[RECORDED DATA — start]
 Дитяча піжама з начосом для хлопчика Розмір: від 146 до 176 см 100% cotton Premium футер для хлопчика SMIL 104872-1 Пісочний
[RECORDED DATA — finish]
[RECORDED DATA — start]
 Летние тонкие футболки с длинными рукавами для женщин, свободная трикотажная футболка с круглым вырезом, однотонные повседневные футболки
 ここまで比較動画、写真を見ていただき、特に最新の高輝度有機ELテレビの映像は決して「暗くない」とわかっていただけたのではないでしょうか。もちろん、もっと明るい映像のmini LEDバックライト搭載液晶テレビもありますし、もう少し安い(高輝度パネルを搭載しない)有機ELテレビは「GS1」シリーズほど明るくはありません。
[RECORDED DATA — finish]
## [WORK REQUEST]
Give back, exactly as written, the stretch from the line with "Летние тонкие футболки" through the line with "ここまで比較動画、写真を見て", and no other lines from the records above.

## [THE COMPLETED TASK]
 Летние тонкие футболки с длинными рукавами для женщин, свободная трикотажная футболка с круглым вырезом, однотонные повседневные футболки
 ここまで比較動画、写真を見ていただき、特に最新の高輝度有機ELテレビの映像は決して「暗くない」とわかっていただけたのではないでしょうか。もちろん、もっと明るい映像のmini LEDバックライト搭載液晶テレビもありますし、もう少し安い(高輝度パネルを搭載しない)有機ELテレビは「GS1」シリーズほど明るくはありません。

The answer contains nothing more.